_Work order_:
What you produce should be an exact transcription of the data, minus any pictures.

*****

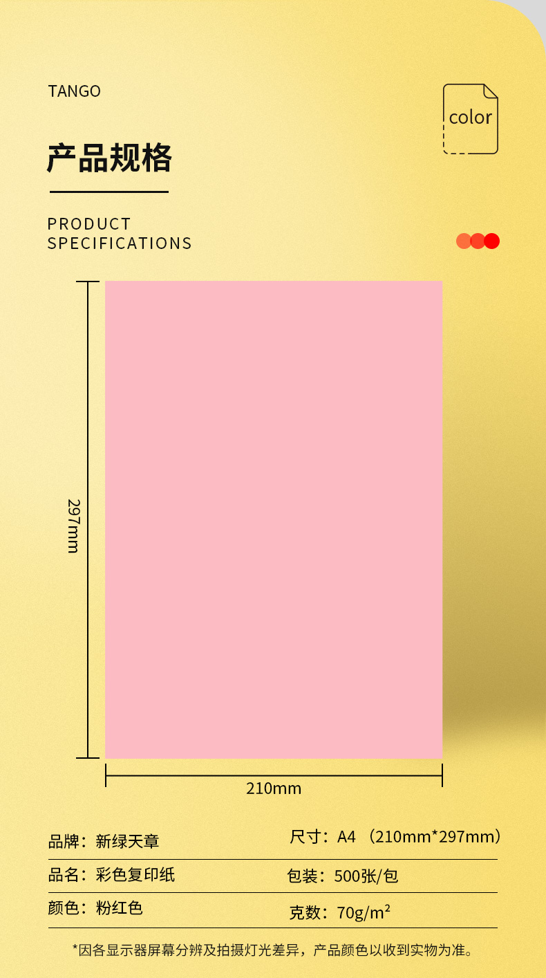 天章 (TANGO)新绿天章A4 粉红色 彩色复印纸 打印凭证纸 浅粉色彩纸70g 500张/包 包 粉色
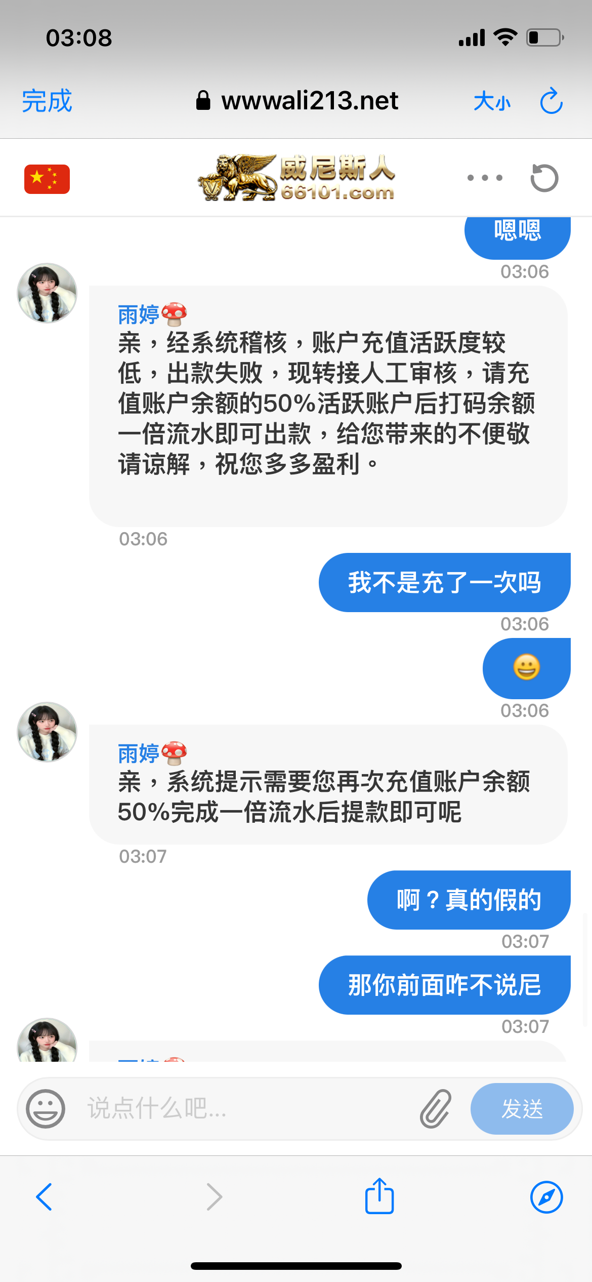 每天签到8.8那个,他奶奶个泔水憋提288冲了150打到600还想黑老子
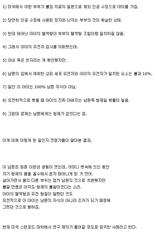 관련은 적지만 태어난 태아가 다른 수정된 태아를 몸에 품은 채로 태어나는 기태류 라는 것도 있던데 사람 몸은 연구해도 끝이 없는듯.
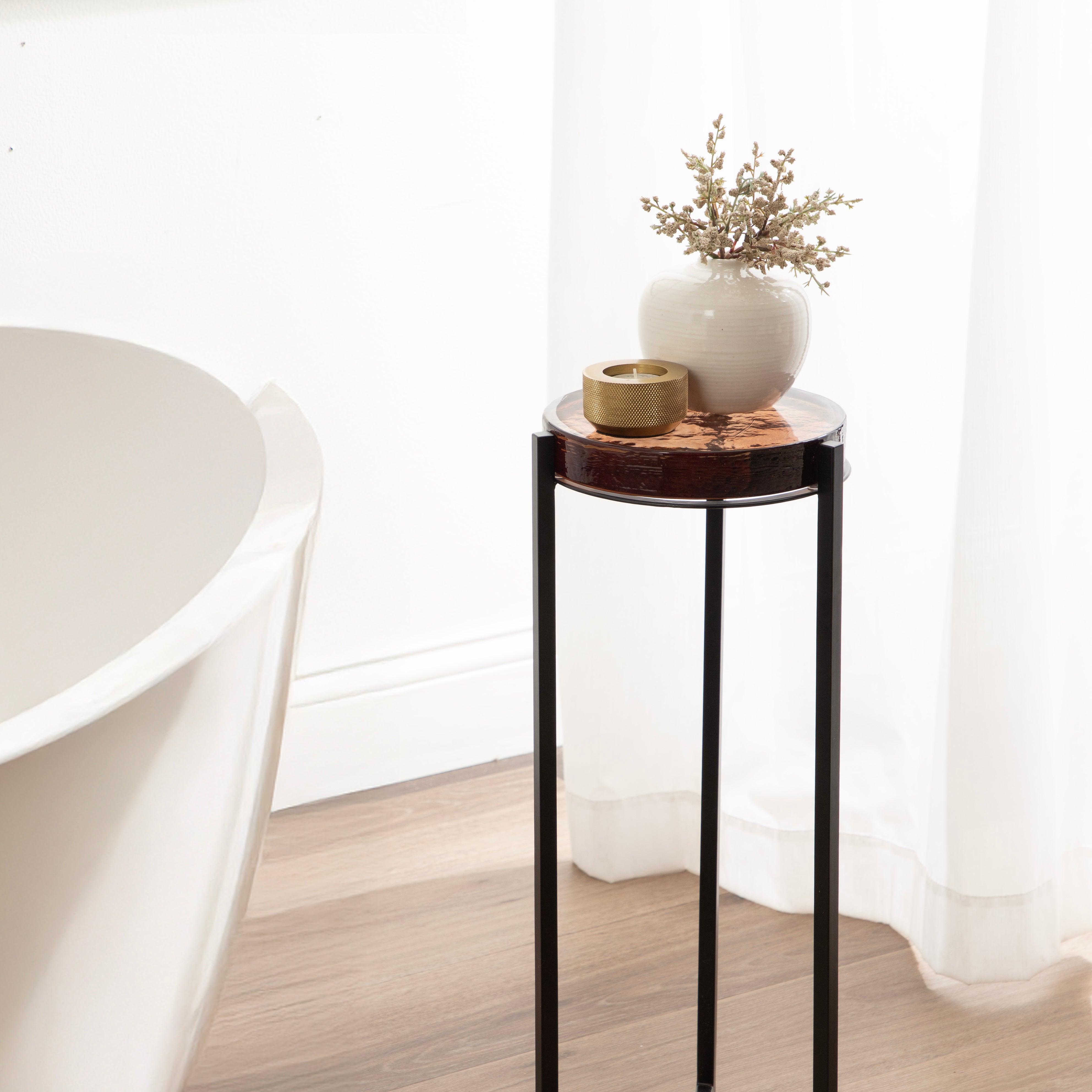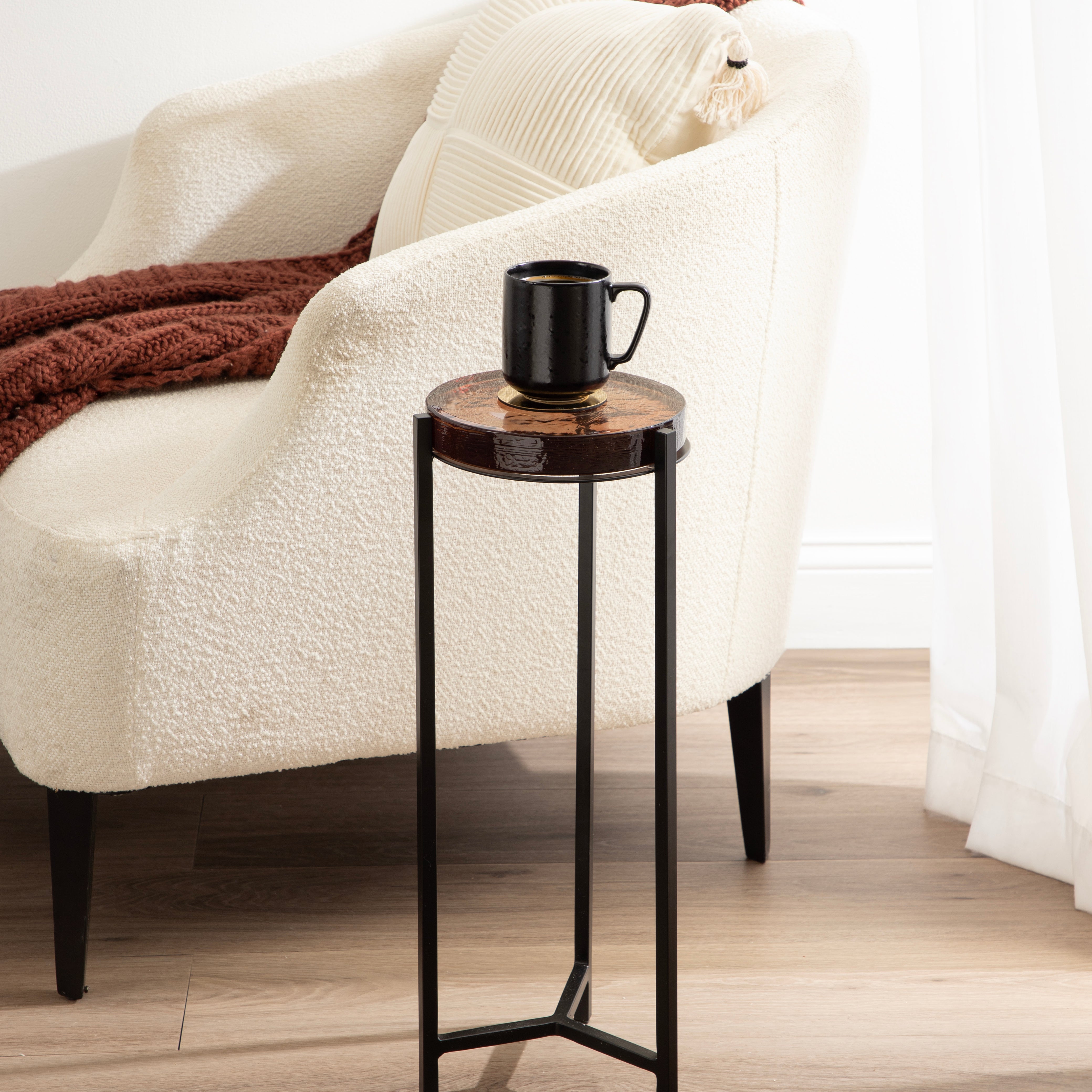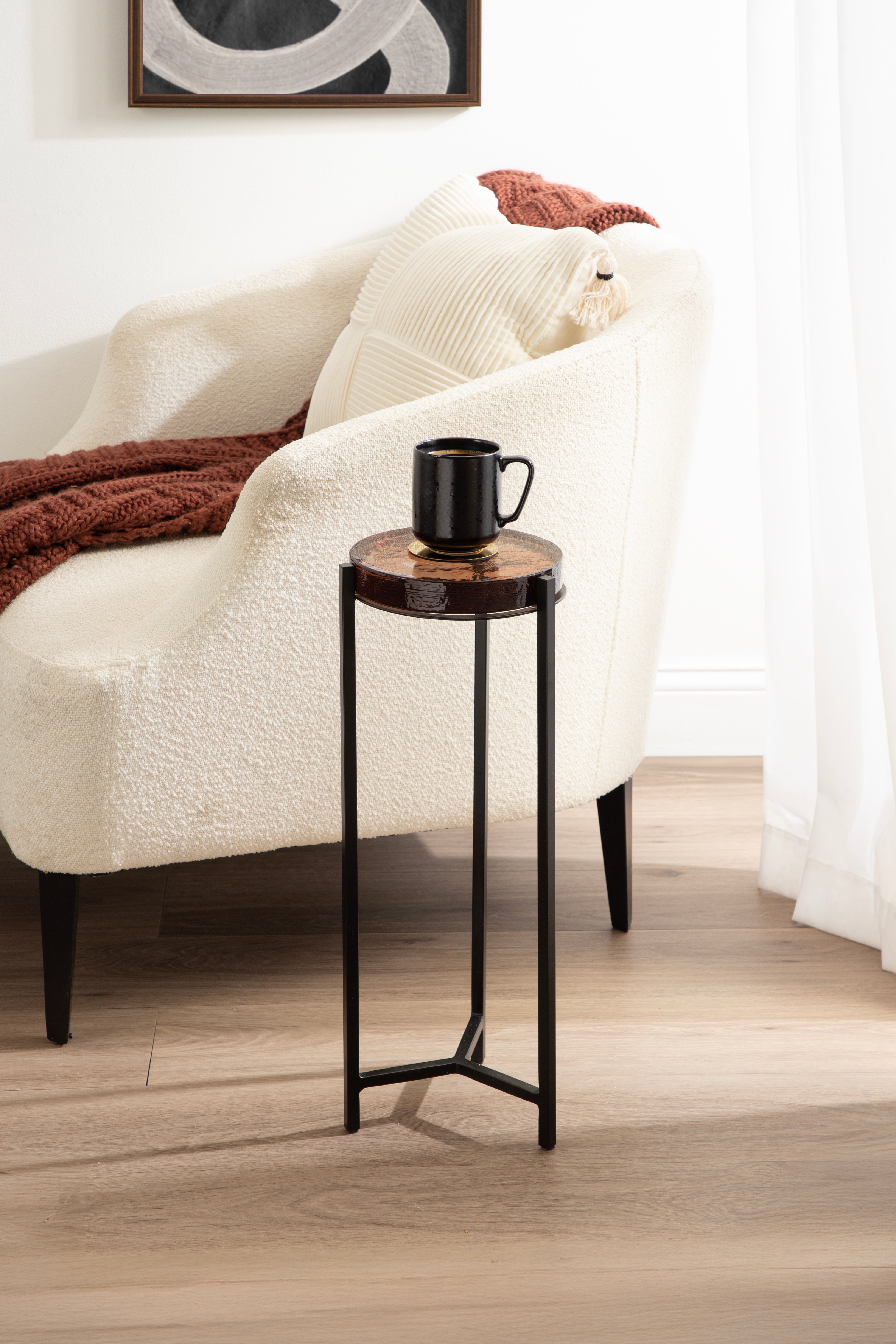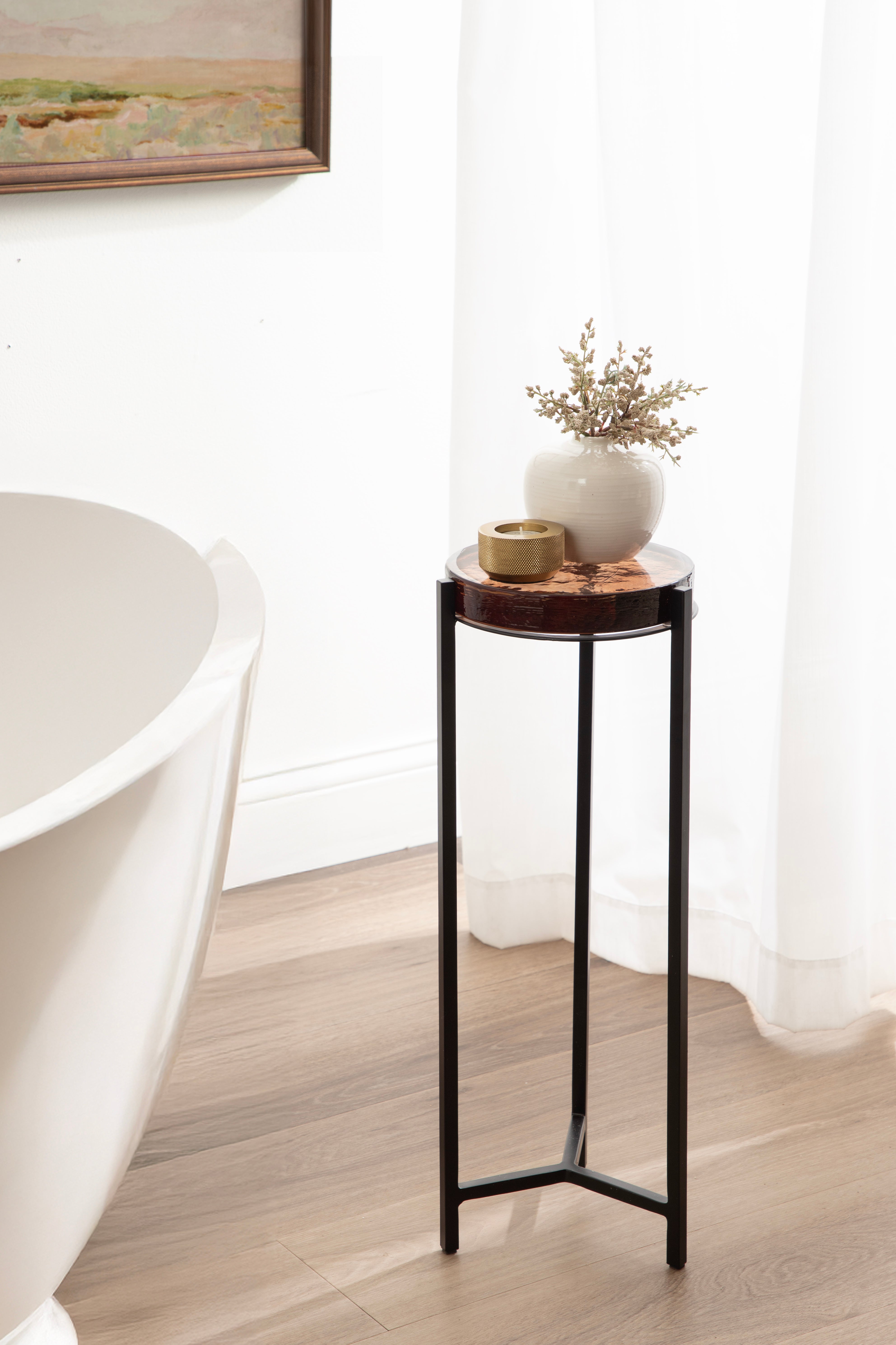The Aguilar table is a sophisticated accent piece that brings elevated style and glamour to any space in your home. This tabletop is supported by a beautiful, metal frame with a sleek finish, giving it a glamorous look that stands out. This table is fabulous for getting the conversation going at your next get-together while holding a cosmopolitan or a charming statement piece.
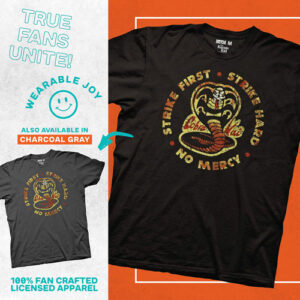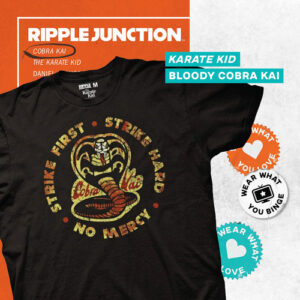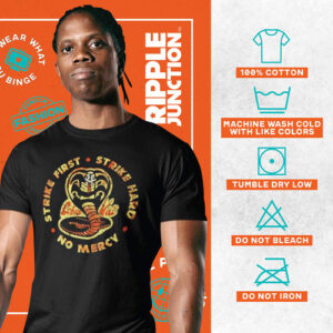 Here at Ripple Junction, we are fans first. Were obsessed with bringing fandom and fashion together. In fact, its kind of our whole deal. We love nothing more than geeking out over fun novelty apparel and accessories while spreading positivity. Two dudes in a van started our scene, and we have kept it going with the same fandom vibes only from, you know, a building. No matter where our clothes are made, they are all designed with the same care and attention to detail. We are all about spreading positivity and togetherness. Fandoms unite people in a unique and entertaining way that we live for, and we plan to keep that vision alive. No matter what fandoms you are interested in, already a part of, or even the ones you dont know you love yet, we have you covered, literally. We are inclusive and welcoming to all, and we will keep it that way. Ripple Junction puts fans first! After all, where would fandoms be without their ride or die? Geek out and have fun representing your favorite fandoms while also expressing yourself. Our products make great conversation starters, so you might even make a new friend or two! – SENSEI APPROVED: 100% Officially licensed apparel by Cobra Kai. This vintage Cobra Kai graphic printed tee was designed in-house and manufactured to meet the high creative and quality standards required to receive the exclusive seal of approval for officially licensed products bearing the Cobra Kai name. – STRIKE FIRST, STRIKE HARD, NO MERCY: No matter which karate dojo is your favorite from the nostalgic reboot, this tee featuring the Cobra Kai dojo logo and slogan is sure to be a go to staple in your apparel collection. No Cobra Kai apparel compilation is complete without this distressed logo and motto T-shirt! – COBRA KAI MERCH FOR ALL FANS: This timelessly cool crew-neck shirt is available in sizes S5XL. Chest measurements in inches: S (18), M (20), L (22), XL (24), 2XL (26), 3XL (28), 4XL (30), and 5XL (32). Check out our size chart to ensure a perfect fit every time! – CLASSIC NOSTALGIA MEETS MODERN TREND: Whether you are sitting at home watching your favorite 80s flicks or training for the All Valley Karate Tournament, this cool and comfortable Cobra Kai tee is sure to become a quick favorite. – CLOTHING FOR FANS, BY FANS: Here at Ripple Junction, we strive to blend our unique design appeal with the iconic images, logos, and memories that defined a generation. Cobra Kai brought new life to The Karate Kid franchise and its fans when the series debuted. We want to take you back to that feeling when you put on this Ripple Junction product.
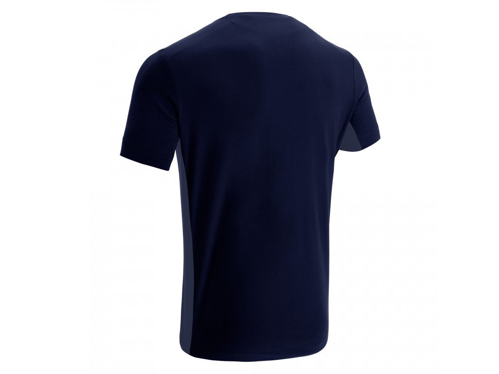Tričko s žebrovaným úpletem u krku v barvě, 100% bavlna. Textura s melanžovým efektem na rukávech a ramenou a vsadky tón v tónu na bocích a spodním okraji rukávů.
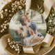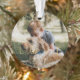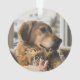 Cherish the wonderful memories forever with our custom pet memorial christmas ornaments. Our design features a beautiful festive and magical design with a large photo placeholder for you to personalise with your own beautiful pet's photo. A beautiful faux gold starry star pattern is placed along the top and bottom of the pet photo. "Love" is displayed in faux gold with a cute little faux gold dog paw print placed within the letter "O". Personalise with your pet's name. Artwork by Moodthology Papery.

*****

_Solution below_:
 天章 (TANGO)新绿天章A4 粉红色 彩色复印纸 打印凭证纸 浅粉色彩纸70g 500张/包 包 粉色
 每天签到8.8那个,他奶奶个泔水憋提288冲了150打到600还想黑老子
 관련은 적지만 태어난 태아가 다른 수정된 태아를 몸에 품은 채로 태어나는 기태류 라는 것도 있던데 사람 몸은 연구해도 끝이 없는듯.
The Aguilar table is a sophisticated accent piece that brings elevated style and glamour to any space in your home. This tabletop is supported by a beautiful, metal frame with a sleek finish, giving it a glamorous look that stands out. This table is fabulous for getting the conversation going at your next get-together while holding a cosmopolitan or a charming statement piece.
 Here at Ripple Junction, we are fans first. Were obsessed with bringing fandom and fashion together. In fact, its kind of our whole deal. We love nothing more than geeking out over fun novelty apparel and accessories while spreading positivity. Two dudes in a van started our scene, and we have kept it going with the same fandom vibes only from, you know, a building. No matter where our clothes are made, they are all designed with the same care and attention to detail. We are all about spreading positivity and togetherness. Fandoms unite people in a unique and entertaining way that we live for, and we plan to keep that vision alive. No matter what fandoms you are interested in, already a part of, or even the ones you dont know you love yet, we have you covered, literally. We are inclusive and welcoming to all, and we will keep it that way. Ripple Junction puts fans first! After all, where would fandoms be without their ride or die? Geek out and have fun representing your favorite fandoms while also expressing yourself. Our products make great conversation starters, so you might even make a new friend or two! – SENSEI APPROVED: 100% Officially licensed apparel by Cobra Kai. This vintage Cobra Kai graphic printed tee was designed in-house and manufactured to meet the high creative and quality standards required to receive the exclusive seal of approval for officially licensed products bearing the Cobra Kai name. – STRIKE FIRST, STRIKE HARD, NO MERCY: No matter which karate dojo is your favorite from the nostalgic reboot, this tee featuring the Cobra Kai dojo logo and slogan is sure to be a go to staple in your apparel collection. No Cobra Kai apparel compilation is complete without this distressed logo and motto T-shirt! – COBRA KAI MERCH FOR ALL FANS: This timelessly cool crew-neck shirt is available in sizes S5XL. Chest measurements in inches: S (18), M (20), L (22), XL (24), 2XL (26), 3XL (28), 4XL (30), and 5XL (32). Check out our size chart to ensure a perfect fit every time! – CLASSIC NOSTALGIA MEETS MODERN TREND: Whether you are sitting at home watching your favorite 80s flicks or training for the All Valley Karate Tournament, this cool and comfortable Cobra Kai tee is sure to become a quick favorite. – CLOTHING FOR FANS, BY FANS: Here at Ripple Junction, we strive to blend our unique design appeal with the iconic images, logos, and memories that defined a generation. Cobra Kai brought new life to The Karate Kid franchise and its fans when the series debuted. We want to take you back to that feeling when you put on this Ripple Junction product.
Tričko s žebrovaným úpletem u krku v barvě, 100% bavlna. Textura s melanžovým efektem na rukávech a ramenou a vsadky tón v tónu na bocích a spodním okraji rukávů.
 Cherish the wonderful memories forever with our custom pet memorial christmas ornaments. Our design features a beautiful festive and magical design with a large photo placeholder for you to personalise with your own beautiful pet's photo. A beautiful faux gold starry star pattern is placed along the top and bottom of the pet photo. "Love" is displayed in faux gold with a cute little faux gold dog paw print placed within the letter "O". Personalise with your pet's name. Artwork by Moodthology Papery.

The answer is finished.